■ PROBLEM TO SOLVE ■
Among the entries below, find the line with "It's a good", then quote it and each following line up to and including the line with "境内の南側一角にはいのししの", and nothing else.

##### PROVIDED RECORDS

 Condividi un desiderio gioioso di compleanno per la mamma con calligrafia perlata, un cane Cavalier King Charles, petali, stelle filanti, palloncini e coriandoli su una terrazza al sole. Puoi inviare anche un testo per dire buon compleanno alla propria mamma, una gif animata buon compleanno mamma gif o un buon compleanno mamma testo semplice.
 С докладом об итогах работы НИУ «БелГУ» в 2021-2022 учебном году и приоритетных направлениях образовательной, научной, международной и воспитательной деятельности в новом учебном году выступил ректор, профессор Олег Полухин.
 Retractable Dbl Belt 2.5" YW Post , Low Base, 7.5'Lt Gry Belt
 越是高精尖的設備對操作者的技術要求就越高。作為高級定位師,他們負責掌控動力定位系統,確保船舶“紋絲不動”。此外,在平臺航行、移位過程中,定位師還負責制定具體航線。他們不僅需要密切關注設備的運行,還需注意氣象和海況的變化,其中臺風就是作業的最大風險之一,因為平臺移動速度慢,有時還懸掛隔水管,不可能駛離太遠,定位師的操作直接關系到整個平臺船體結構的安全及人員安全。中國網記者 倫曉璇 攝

##########
##### PROVIDED RECORDS

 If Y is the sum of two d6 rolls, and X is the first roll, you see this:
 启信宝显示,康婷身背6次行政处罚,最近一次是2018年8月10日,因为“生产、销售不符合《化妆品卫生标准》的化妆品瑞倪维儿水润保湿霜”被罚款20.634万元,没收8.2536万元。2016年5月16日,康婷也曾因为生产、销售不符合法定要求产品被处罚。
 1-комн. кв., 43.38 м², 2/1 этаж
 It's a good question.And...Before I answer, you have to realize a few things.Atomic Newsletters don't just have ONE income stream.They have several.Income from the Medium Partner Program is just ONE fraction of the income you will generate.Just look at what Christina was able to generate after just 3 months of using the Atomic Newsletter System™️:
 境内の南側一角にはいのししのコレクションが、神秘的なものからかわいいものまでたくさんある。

##########
##### PROVIDED RECORDS

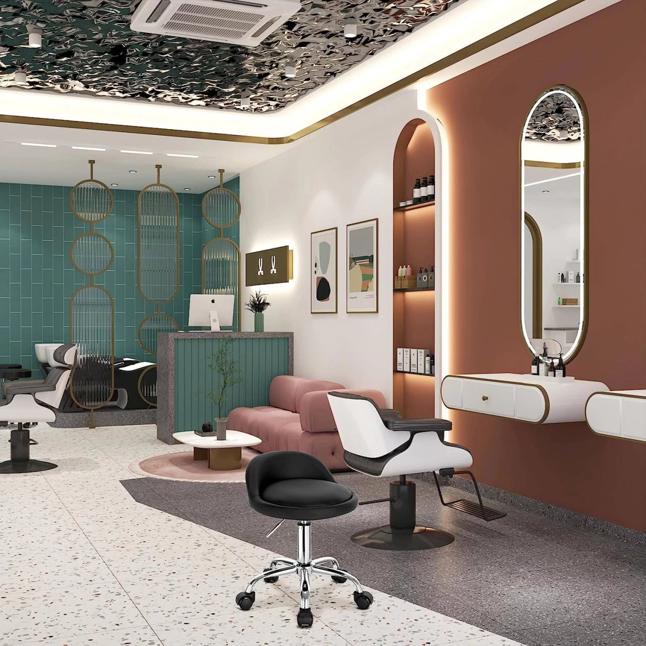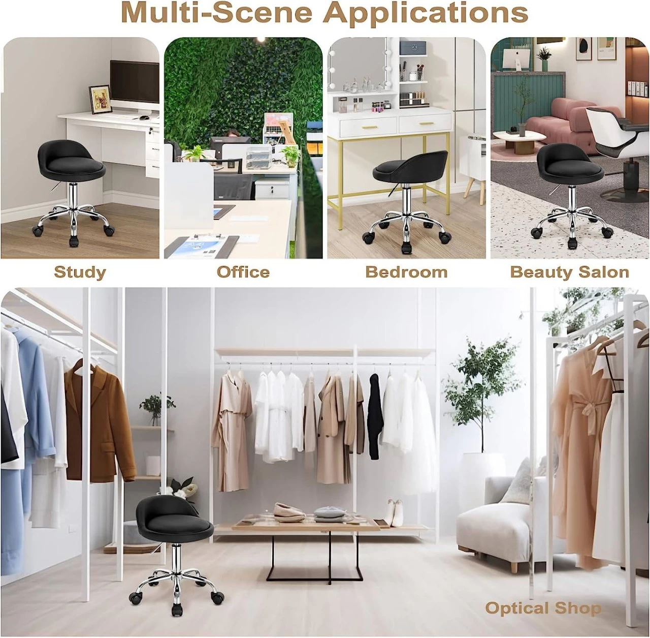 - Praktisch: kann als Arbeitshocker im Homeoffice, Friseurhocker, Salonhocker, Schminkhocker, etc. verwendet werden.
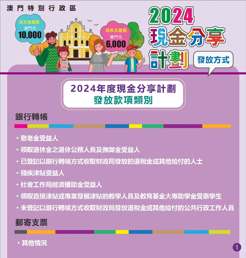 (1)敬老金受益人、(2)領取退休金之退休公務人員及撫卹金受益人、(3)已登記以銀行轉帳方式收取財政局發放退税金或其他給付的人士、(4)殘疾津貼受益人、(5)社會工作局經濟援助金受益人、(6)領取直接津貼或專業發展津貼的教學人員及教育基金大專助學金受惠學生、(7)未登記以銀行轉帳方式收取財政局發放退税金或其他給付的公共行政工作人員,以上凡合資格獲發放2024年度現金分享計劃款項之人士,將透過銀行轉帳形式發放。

##########

■ RESULT OF THIS TASK ■
 It's a good question.And...Before I answer, you have to realize a few things.Atomic Newsletters don't just have ONE income stream.They have several.Income from the Medium Partner Program is just ONE fraction of the income you will generate.Just look at what Christina was able to generate after just 3 months of using the Atomic Newsletter System™️:
 境内の南側一角にはいのししのコレクションが、神秘的なものからかわいいものまでたくさんある。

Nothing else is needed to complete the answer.